In the chapter on "The Concept of Khandha", Boisvert argues that the the five khandha analysis was a Buddhists innovation in Indian thought. He goes on to argue, following Bhikkhu Bodhi, that the difference between the khandhas and "khandhas-as-objects-of-clinging" (upādānakkhandhas) is that the former include the latter as well as what could be called the "bare aggregates". The "bare aggregates", here, are the mental aggregates of any person while they are experiencing path or fruit consciousness (which have nibbāna as object). In this state, they are themselves free from clinging and also beyond the clinging that others may try to focus on them. 

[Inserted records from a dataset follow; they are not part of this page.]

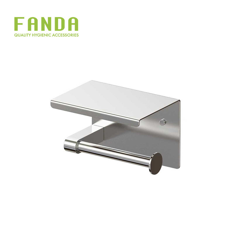 FANDA MADE IN TAIWAN STAINLESS STEEL TOILET TISSUE ROLL DISPENSER WITH PHONE SHELF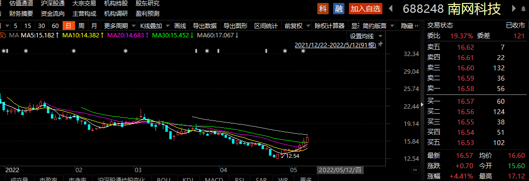 5月12日,南网科技报收16.57元/股,当日股价上涨4.41%,总市值93.57亿元。5月以来,南网科技股价上涨17.52%。一季度末,共有22只基金持有该股票,占流通股比例为12.2%。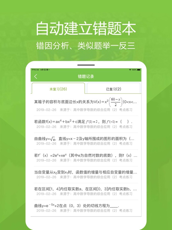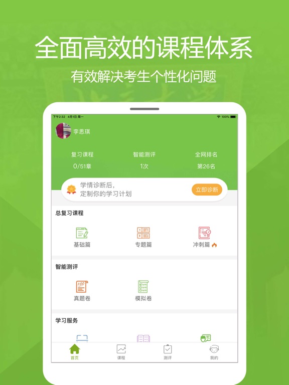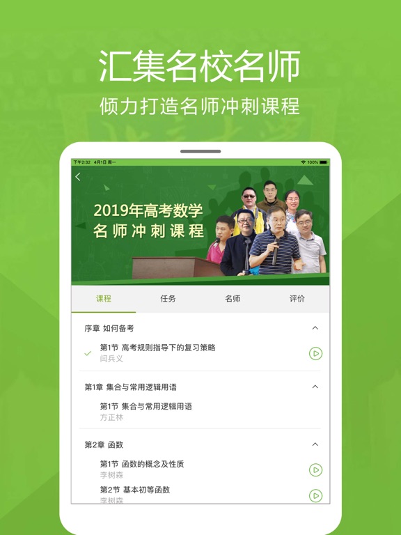 高考提分课程优势: 1.智能诊断系统精准发现与解决考生问题 基于医学模式,人工智能与大数据分析技术,由具备备考命题经验的专家针对高考考情,把握命题方向,精心设计学情诊断方案,实现智能诊断、学习方案推荐与效果检测等环节,形成闭环智能诊断系统,精准推荐个性化学习方案,有效解决考生个性化问题与薄弱环节。 2.全面高效的课程体系有效解决考生个性化问题 课程包含《基础篇》、《专题篇》与《冲刺篇》三大板块,满足考生不同的备考需求。《基础篇》适合全面打牢基础,系统学习,提升成绩;《专题篇》适合专门强化学习专项知识点,进一步提升知识掌握能力;《冲刺篇》名师破题指导,亲自倾力讲解,全面高效复习。 3.汇聚名校名师倾力打造名师冲刺课程 平均教龄17年,100%一线授课经验,100%带过毕业班的高考数学名师倾力打造高考冲刺课程; 4.全面个性化学习服务 提供错题本、专属老师答疑等学习服务,努力为学生呈现流畅舒适的学习体验1.总复习课程添加学习计划功能; 2.冲刺篇名师课程支持根据考点片段观看课程; 3.冲刺篇名师课程任务模块优化; 4.冲刺篇名师课程支持扫码观看视频; 5.精选测评可根据年份和地区筛选真题卷模拟卷; 6.若干功能优化与已知bug修复;
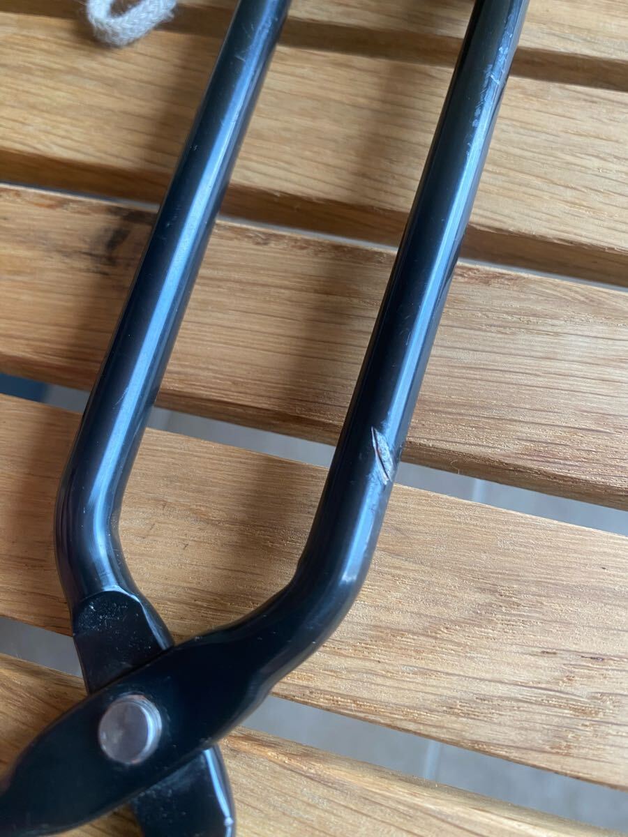 薪バサミの本体/長さ約430mm 幅約38mm 厚さ約11mm 重さ380g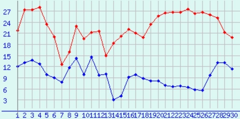 הטמפ' הגבוהה ביותר שנמדדה החודש עמדה על 28.1° והטמפ' הנמוכה ביותר 3.1°.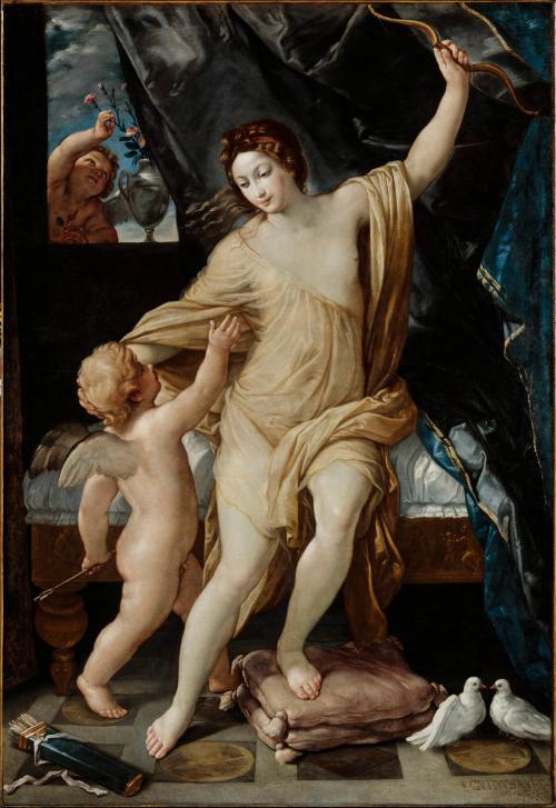 Label TextVenus, goddess of love and beauty, and her son, Cupid, mischievous child-god of love, were a favorite subject for artists of the Renaissance and later centuries. Here Venus gently and teasingly takes Cupid’s bow away, preventing him from inflicting the wounds of love (for a similar theme on the “disarming” effects of love, see Poussin’s Mars and Venus nearby). The pair is surrounded by symbols of love: roses, doves, and a carved band on the bed showing the lovers Mars and Venus with Cupid. To contrast with the dynamism of the strong diagonals, Guido Reni emphasized the contours of the graceful, elongated figures, whose cool, delicately modulated tones recall the appearance of marble sculpture. This painting was apparently executed for a goldsmith, who intended to sell it for a profit. As payment, he gave Guido Reni a diamond; the painting was subsequently known as Il Diamante. Reni, known in his day as the “Divine Guido”, was revered for his classically inspired, gracefully proportioned figures, balanced and harmonious compositions, and delicate color.Published ReferencesLuzio, A., La galleria dei Gonzaga venduta all'Inghilterra, 1627-1628, Milan, 1913, p. 317.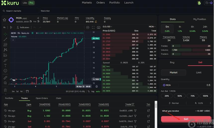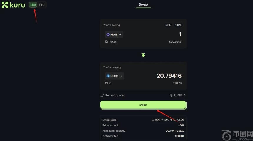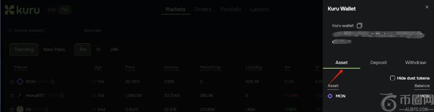 交互内容(链接:https://www.kuru.io/markets):先将测试币转到平台中个人的 Kuru Wallet 中,进行买卖**交互。此外,在 Lite 版中还可以进行 Swap 交互,将 MON 测试币兑换成 USDT、USDC 等**。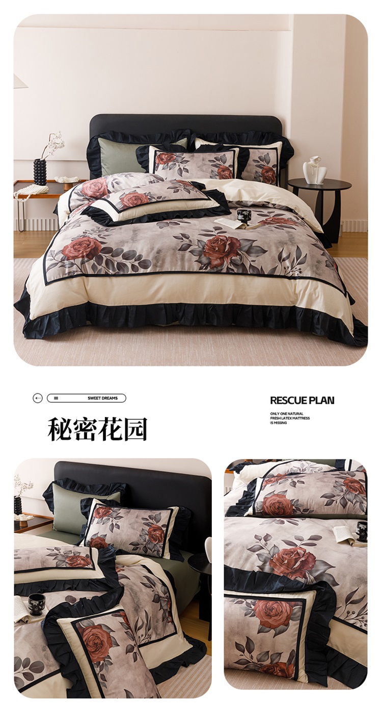 法式复古风长绒棉四件套全棉2025新款床单印花被套床笠床上用品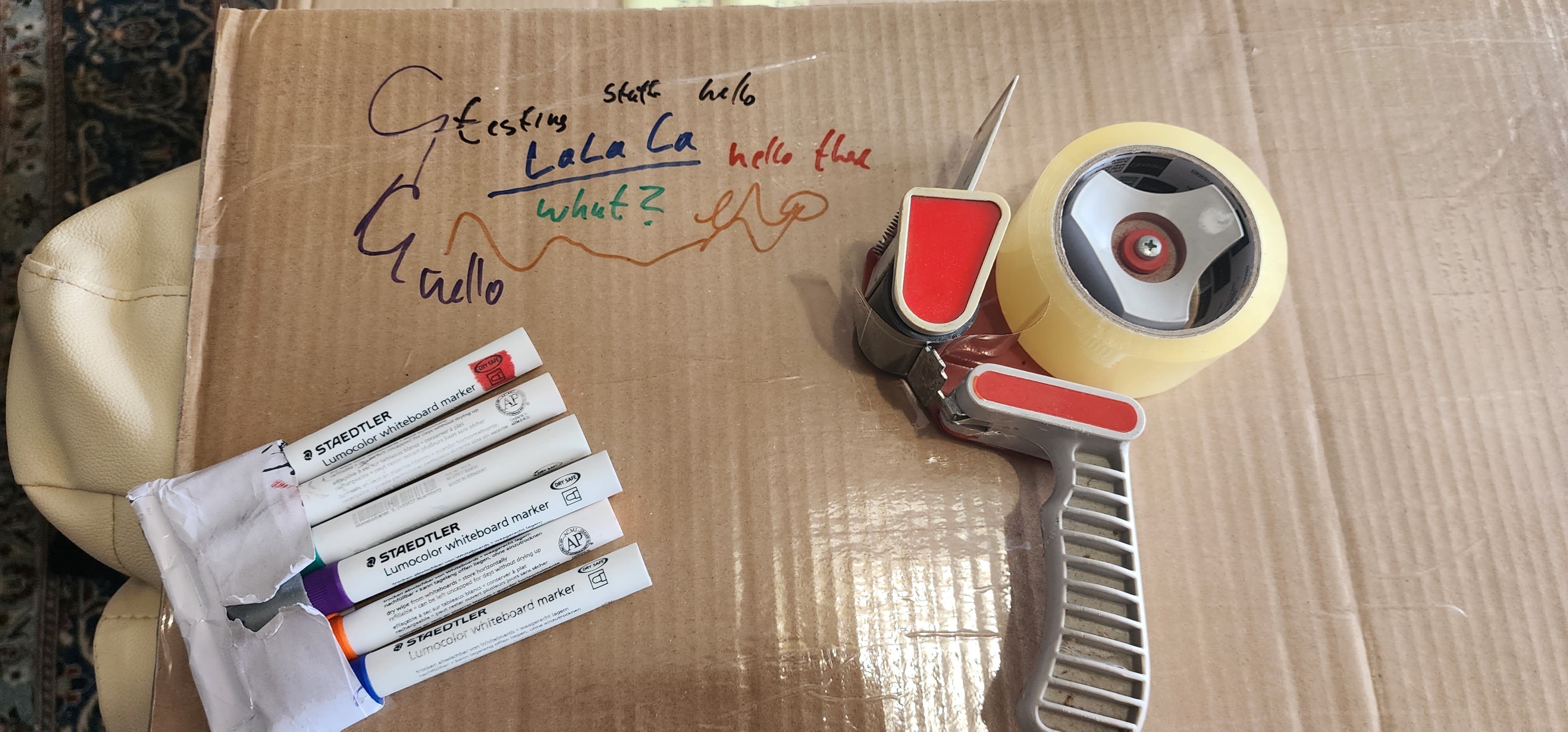 Ideally, put white paper between the cardboard box and the tape to get an actual white board.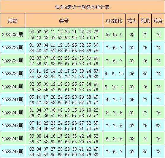 快乐8第2023245期奖号为:02 04 07 27 28 29 38 41 42 45 54 58 59 60 65 67 69 78 79 80,其中奖号012路比为7:6:7,跨度为78。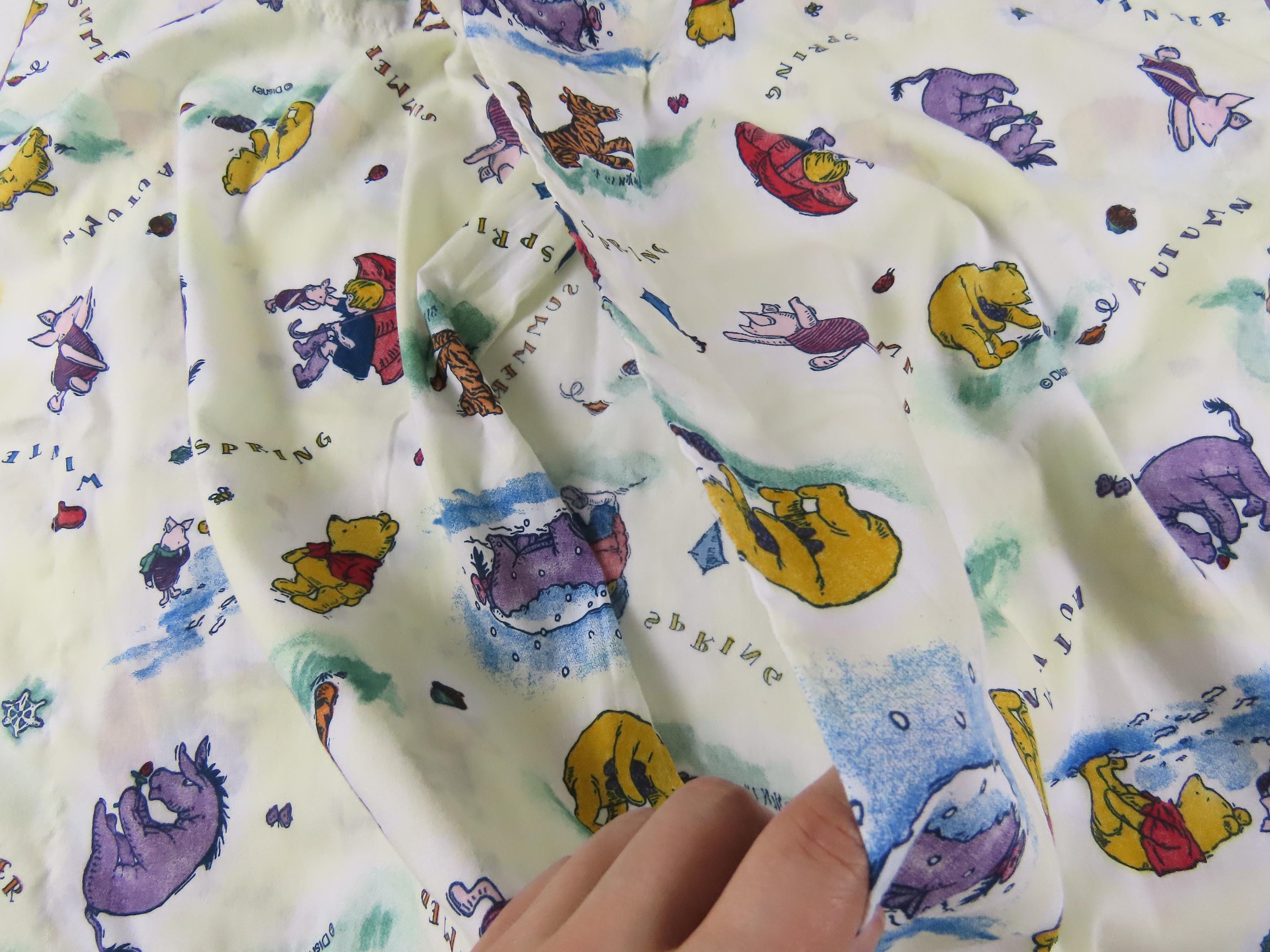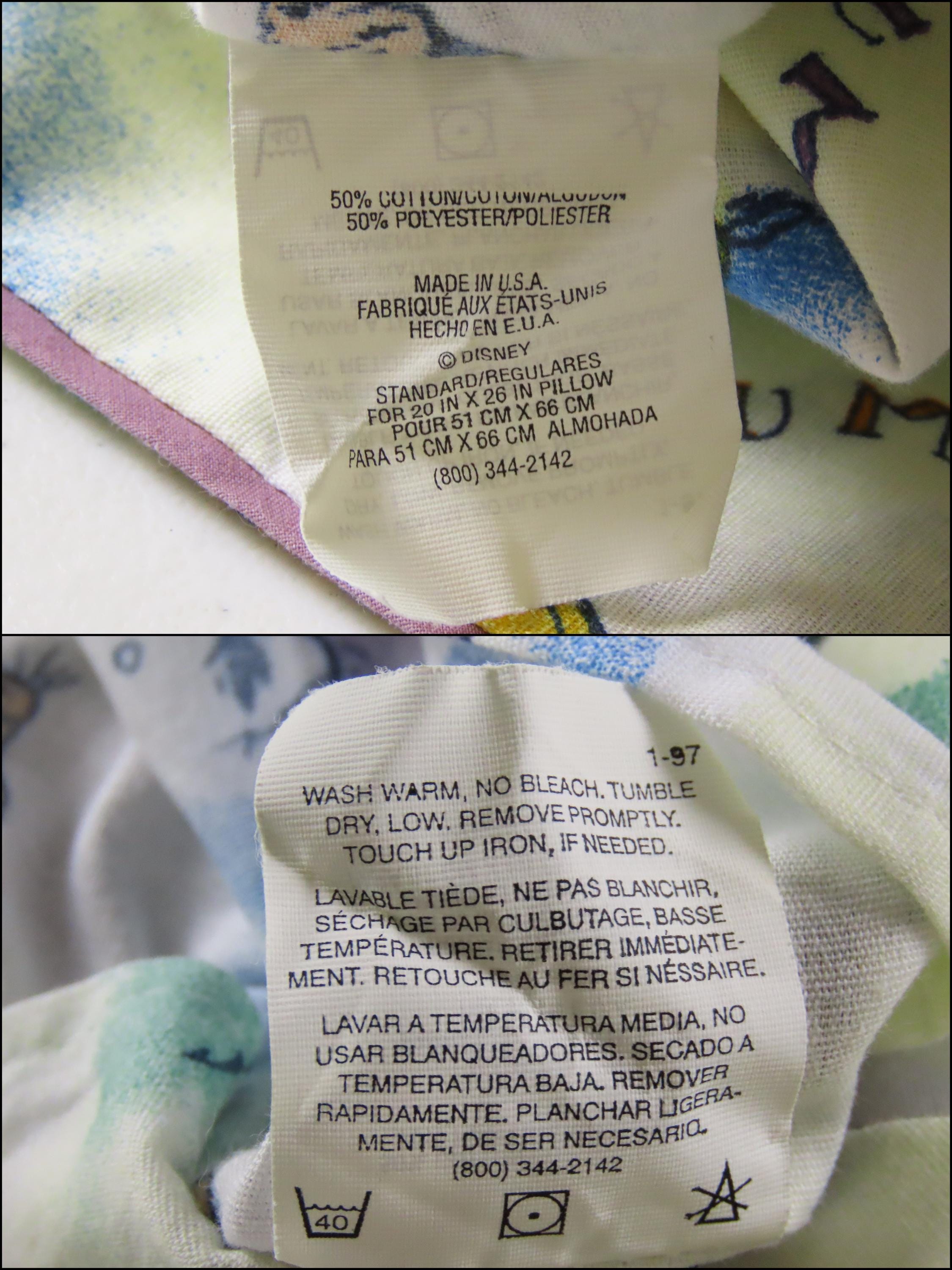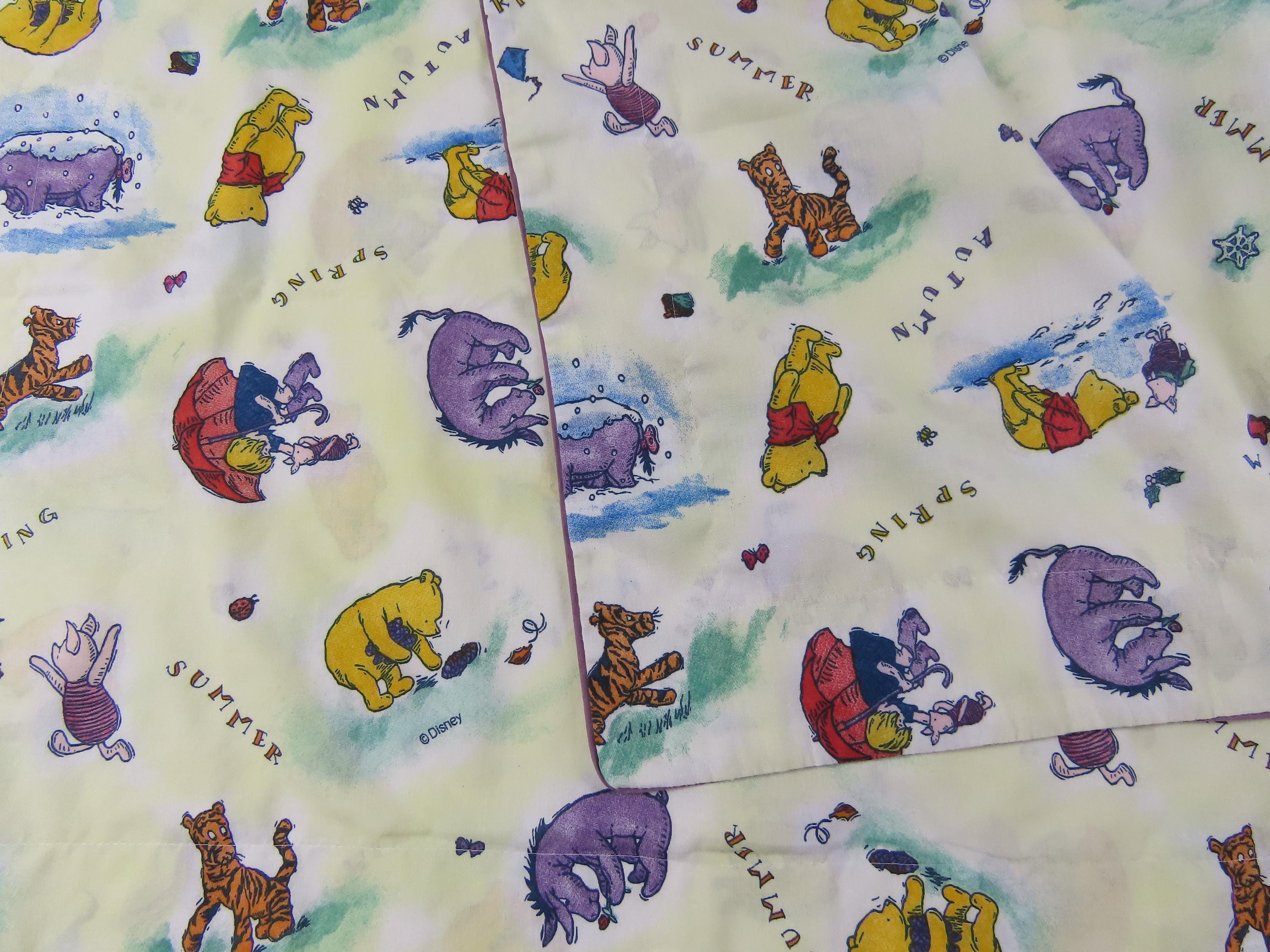 Set of 2 vintage classic Winnie the Pooh standard pillow shams from 1997 which are 50% cotton and 50% polyester. They are about 31.5" wide by 25" tall (80 cm by 64 cm), and the opening is about 26" wide by 19.5" tall (66 cm by 50 cm). My camera had a hard time picking up the exact colors. Both pillow shams have thread snags, tiny marks, and are worn along the edges. The first sham seems a little faded in comparison to the other. For example, the yellow in the background is more noticeable on the second sham.

In the chapter on "The Rūpakkhandha", Boisvert uses the translation "matter" for rūpa without much discussion of this (except for pp.46-7). The translation is not necessarily wrong, but it needs arguing for. He analyses how ideas of the four primary elements (earth, water, fire and air) developed in the Abhidhamma, emphasising passages asserting that they cannot exist independently of each other (p.36). He then reviews some key aspects of the twenty-three types of secondary or derived rūpa. In relating these notions to the six senses and their objects, he asserts that the dhammāyatana, the object of mind, belongs to the rūpakkhandha (p.40). Yet while the mind certainly has forms of rūpa among its objects, it can also have purely mental states among its objects. In summarising his discussion of the sense-organs, he also says (p.50) "The first five sense-organs and their respective objects ... are resisting ... and invisible". As visible objects are "resisting" and "visible", this is an incorrect summary. In his discussion of the meaning of "internal (ajjhatta)" and "external (bahiddhā )" (p.43, 47), he overlooks the fact that these terms have two types of application. In the first, the khandhas composing a particular "person" are "internal" to them, and anything else is "external". In the second, the sense-organs are "internal", and their objects which might include aspects of a person's own body or mind, which are "internal" in the first sense are "external". 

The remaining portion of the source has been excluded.